Segment Start: DATA RECORDS

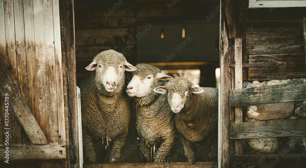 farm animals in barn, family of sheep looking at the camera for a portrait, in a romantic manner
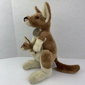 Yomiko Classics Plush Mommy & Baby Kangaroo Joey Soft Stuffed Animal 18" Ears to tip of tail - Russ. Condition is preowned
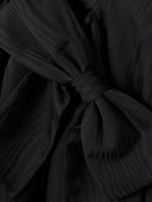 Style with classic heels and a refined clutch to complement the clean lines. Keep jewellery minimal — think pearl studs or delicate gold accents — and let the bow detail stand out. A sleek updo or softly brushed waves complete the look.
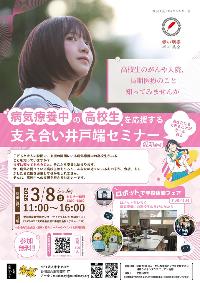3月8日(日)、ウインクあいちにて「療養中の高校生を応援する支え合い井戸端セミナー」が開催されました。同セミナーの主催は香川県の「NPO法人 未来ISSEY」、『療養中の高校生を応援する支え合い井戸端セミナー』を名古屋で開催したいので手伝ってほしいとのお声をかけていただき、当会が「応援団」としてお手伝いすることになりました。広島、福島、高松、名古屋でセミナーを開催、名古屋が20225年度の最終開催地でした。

Segment End: DATA RECORDS
Segment Start: DATA RECORDS

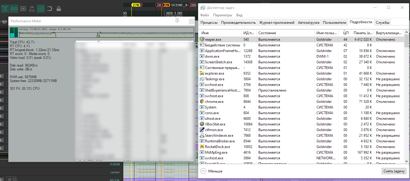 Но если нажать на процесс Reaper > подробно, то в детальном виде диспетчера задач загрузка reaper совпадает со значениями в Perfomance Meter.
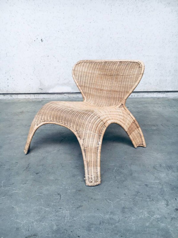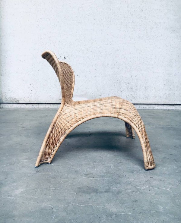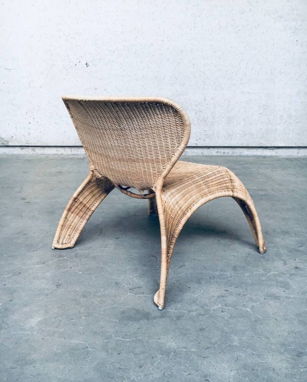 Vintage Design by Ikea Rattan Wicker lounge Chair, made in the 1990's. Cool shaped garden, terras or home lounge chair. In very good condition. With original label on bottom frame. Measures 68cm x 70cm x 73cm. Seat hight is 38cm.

Segment End: DATA RECORDS
Segment Start: DATA RECORDS

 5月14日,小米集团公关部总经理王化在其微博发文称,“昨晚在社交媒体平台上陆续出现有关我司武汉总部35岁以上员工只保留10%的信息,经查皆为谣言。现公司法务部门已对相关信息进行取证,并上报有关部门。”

Segment End: DATA RECORDS

**WORK REQUEST:**
The copy should hold only the lines from the one with "Style with classic" through the one with "3月8日(日)、ウインクあい", exactly as they stand above. Leave out the pictures.

**EXERCISE RESULT:**
 Style with classic heels and a refined clutch to complement the clean lines. Keep jewellery minimal — think pearl studs or delicate gold accents — and let the bow detail stand out. A sleek updo or softly brushed waves complete the look.
3月8日(日)、ウインクあいちにて「療養中の高校生を応援する支え合い井戸端セミナー」が開催されました。同セミナーの主催は香川県の「NPO法人 未来ISSEY」、『療養中の高校生を応援する支え合い井戸端セミナー』を名古屋で開催したいので手伝ってほしいとのお声をかけていただき、当会が「応援団」としてお手伝いすることになりました。広島、福島、高松、名古屋でセミナーを開催、名古屋が20225年度の最終開催地でした。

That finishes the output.